Saved entries
────────

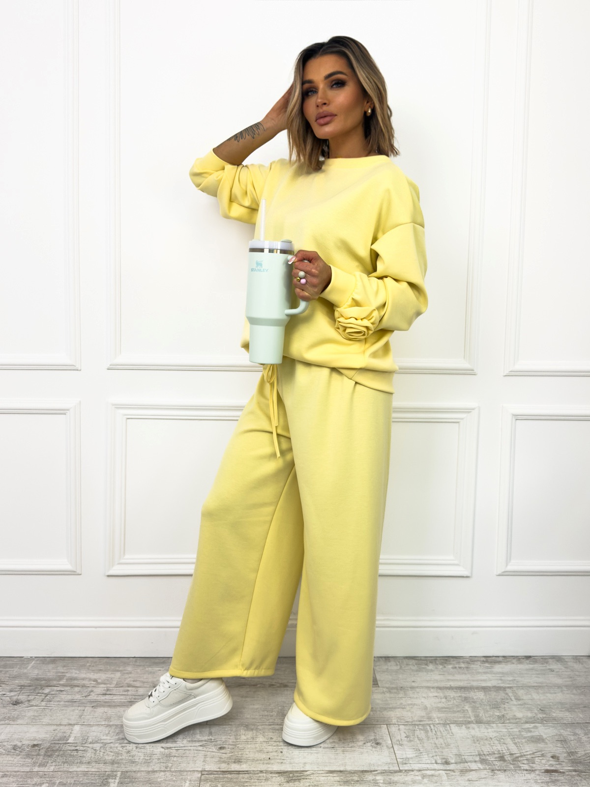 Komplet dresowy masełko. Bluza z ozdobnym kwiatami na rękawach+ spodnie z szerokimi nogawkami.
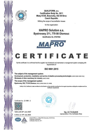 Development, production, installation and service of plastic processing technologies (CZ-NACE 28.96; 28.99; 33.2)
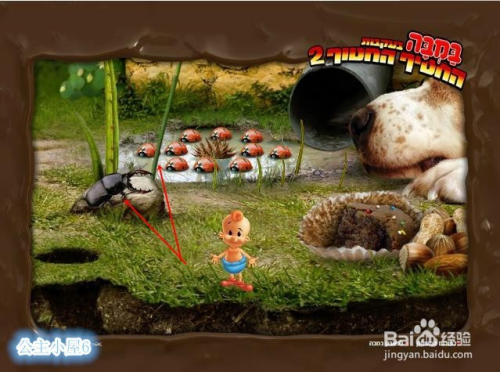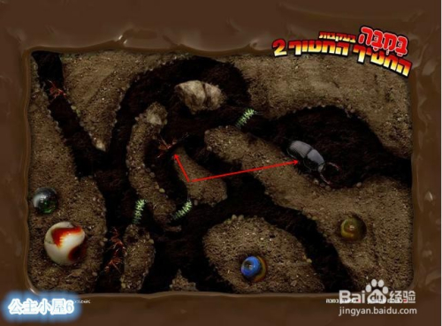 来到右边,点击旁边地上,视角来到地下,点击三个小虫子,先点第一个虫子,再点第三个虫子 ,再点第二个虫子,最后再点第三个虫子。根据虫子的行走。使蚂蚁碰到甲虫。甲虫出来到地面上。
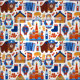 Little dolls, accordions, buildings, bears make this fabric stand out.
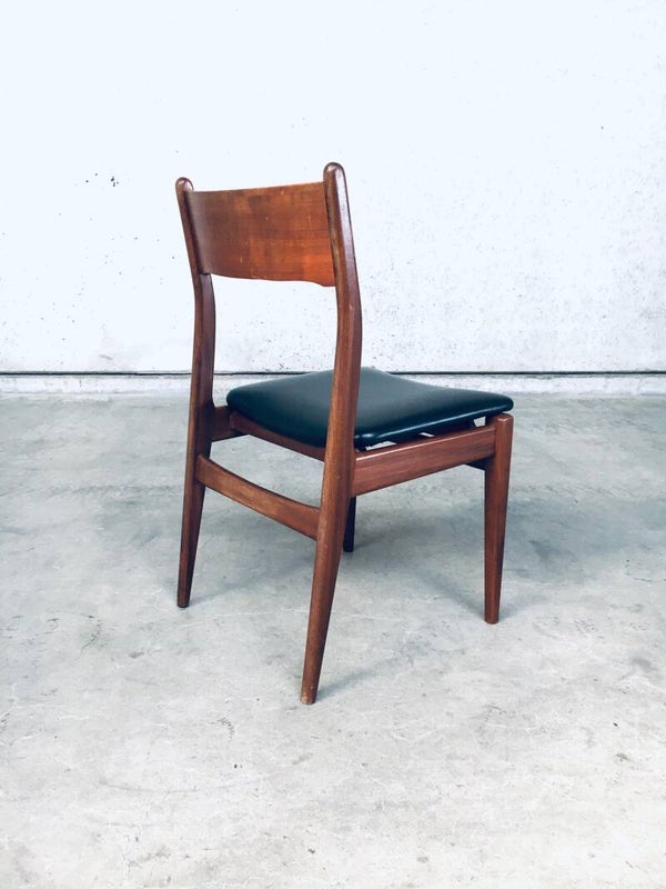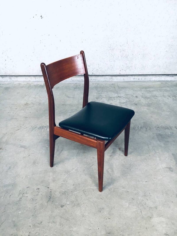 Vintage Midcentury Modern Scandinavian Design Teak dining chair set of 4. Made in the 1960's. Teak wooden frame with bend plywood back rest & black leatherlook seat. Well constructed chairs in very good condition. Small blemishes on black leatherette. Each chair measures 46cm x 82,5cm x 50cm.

────────

EXERCISE REQUIREMENTS -
Please output exactly the lines from the line containing "Little dolls, accordions, buildings, bears" through the last line of the records above, both included, and leave out any pictures.

TASK RESPONSE -
 Little dolls, accordions, buildings, bears make this fabric stand out.
 Vintage Midcentury Modern Scandinavian Design Teak dining chair set of 4. Made in the 1960's. Teak wooden frame with bend plywood back rest & black leatherlook seat. Well constructed chairs in very good condition. Small blemishes on black leatherette. Each chair measures 46cm x 82,5cm x 50cm.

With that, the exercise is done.